> **DIRECTIONS FOR THIS TASK**
Scan the material below for the word "figurée", then copy every line in which it appears.

> **RECORDS FOR THIS EXERCISE**
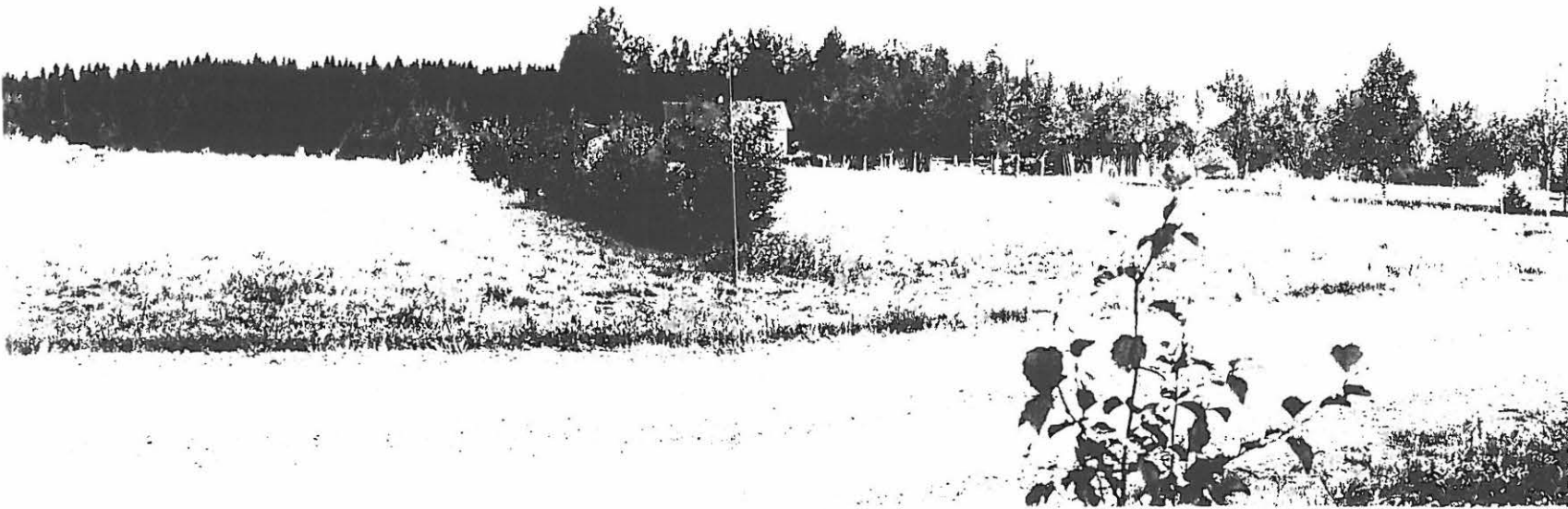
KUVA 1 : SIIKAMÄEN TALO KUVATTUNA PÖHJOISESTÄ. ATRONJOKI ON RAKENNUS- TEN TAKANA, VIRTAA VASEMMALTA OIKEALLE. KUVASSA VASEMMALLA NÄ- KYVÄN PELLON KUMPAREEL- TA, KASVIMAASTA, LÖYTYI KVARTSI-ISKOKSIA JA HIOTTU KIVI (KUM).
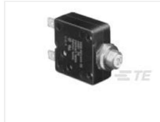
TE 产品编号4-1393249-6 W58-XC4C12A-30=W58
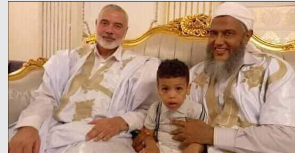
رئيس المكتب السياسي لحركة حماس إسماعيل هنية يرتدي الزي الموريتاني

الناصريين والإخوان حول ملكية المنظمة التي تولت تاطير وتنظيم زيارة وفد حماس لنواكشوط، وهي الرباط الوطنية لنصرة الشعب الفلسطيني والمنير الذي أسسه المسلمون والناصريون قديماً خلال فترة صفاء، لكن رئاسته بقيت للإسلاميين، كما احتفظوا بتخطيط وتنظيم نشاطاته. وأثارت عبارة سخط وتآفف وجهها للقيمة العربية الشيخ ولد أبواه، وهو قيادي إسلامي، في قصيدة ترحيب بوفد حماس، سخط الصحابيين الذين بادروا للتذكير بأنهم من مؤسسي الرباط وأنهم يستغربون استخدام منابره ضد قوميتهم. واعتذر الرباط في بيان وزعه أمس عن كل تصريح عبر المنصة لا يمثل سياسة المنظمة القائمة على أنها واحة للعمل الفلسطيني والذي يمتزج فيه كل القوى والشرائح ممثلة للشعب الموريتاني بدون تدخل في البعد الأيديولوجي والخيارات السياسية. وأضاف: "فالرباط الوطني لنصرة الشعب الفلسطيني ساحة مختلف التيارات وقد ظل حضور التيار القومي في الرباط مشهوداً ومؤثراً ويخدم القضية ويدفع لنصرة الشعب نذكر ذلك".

...

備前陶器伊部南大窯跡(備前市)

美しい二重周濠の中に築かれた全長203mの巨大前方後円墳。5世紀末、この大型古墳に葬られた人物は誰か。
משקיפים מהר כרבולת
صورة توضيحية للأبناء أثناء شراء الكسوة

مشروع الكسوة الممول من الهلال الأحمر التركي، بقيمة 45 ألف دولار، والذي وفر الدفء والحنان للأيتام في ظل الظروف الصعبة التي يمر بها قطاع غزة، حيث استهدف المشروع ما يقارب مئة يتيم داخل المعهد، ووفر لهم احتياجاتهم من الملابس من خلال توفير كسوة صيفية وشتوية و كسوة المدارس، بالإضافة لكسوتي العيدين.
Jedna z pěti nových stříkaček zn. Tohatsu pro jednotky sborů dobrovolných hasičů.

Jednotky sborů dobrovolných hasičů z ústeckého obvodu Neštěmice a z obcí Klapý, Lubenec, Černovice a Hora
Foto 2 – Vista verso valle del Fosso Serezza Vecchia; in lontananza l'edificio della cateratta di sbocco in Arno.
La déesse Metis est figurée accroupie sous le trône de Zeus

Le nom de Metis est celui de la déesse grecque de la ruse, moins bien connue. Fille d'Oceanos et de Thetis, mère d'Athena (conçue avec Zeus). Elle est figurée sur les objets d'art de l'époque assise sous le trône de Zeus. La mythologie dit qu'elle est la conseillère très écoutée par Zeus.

* * *

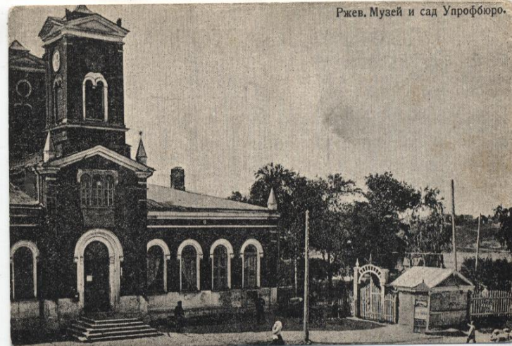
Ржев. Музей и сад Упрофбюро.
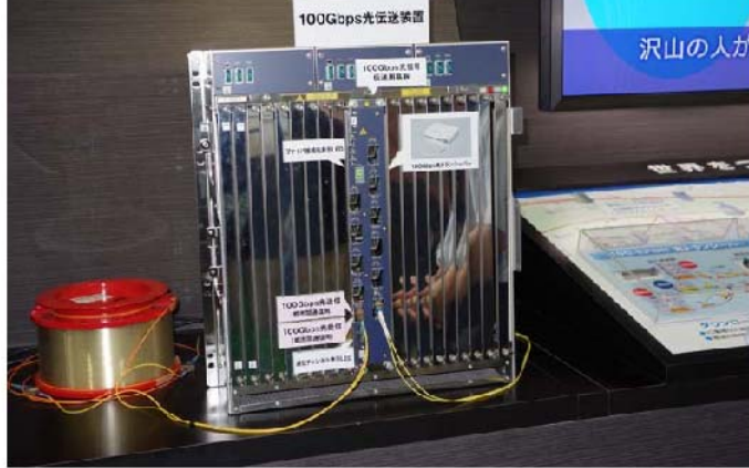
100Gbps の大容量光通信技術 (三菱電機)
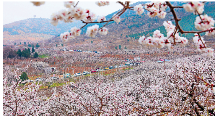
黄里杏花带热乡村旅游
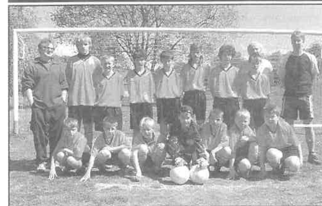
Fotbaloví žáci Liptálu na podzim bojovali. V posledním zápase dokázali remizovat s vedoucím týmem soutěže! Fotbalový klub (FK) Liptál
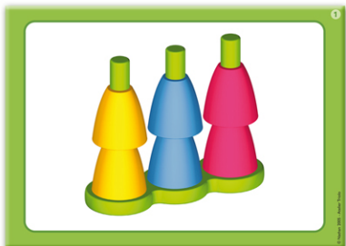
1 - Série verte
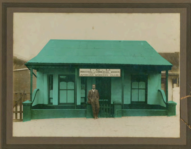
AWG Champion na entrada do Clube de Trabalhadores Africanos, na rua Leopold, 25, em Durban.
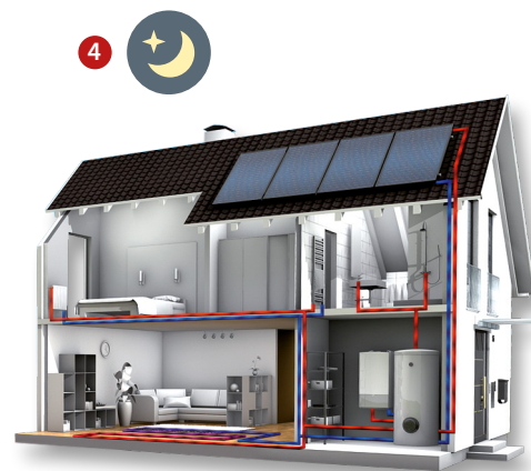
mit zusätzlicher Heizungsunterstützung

> **RESULT BELOW**
La déesse Metis est figurée accroupie sous le trône de Zeus
Le nom de Metis est celui de la déesse grecque de la ruse, moins bien connue. Fille d'Oceanos et de Thetis, mère d'Athena (conçue avec Zeus). Elle est figurée sur les objets d'art de l'époque assise sous le trône de Zeus. La mythologie dit qu'elle est la conseillère très écoutée par Zeus.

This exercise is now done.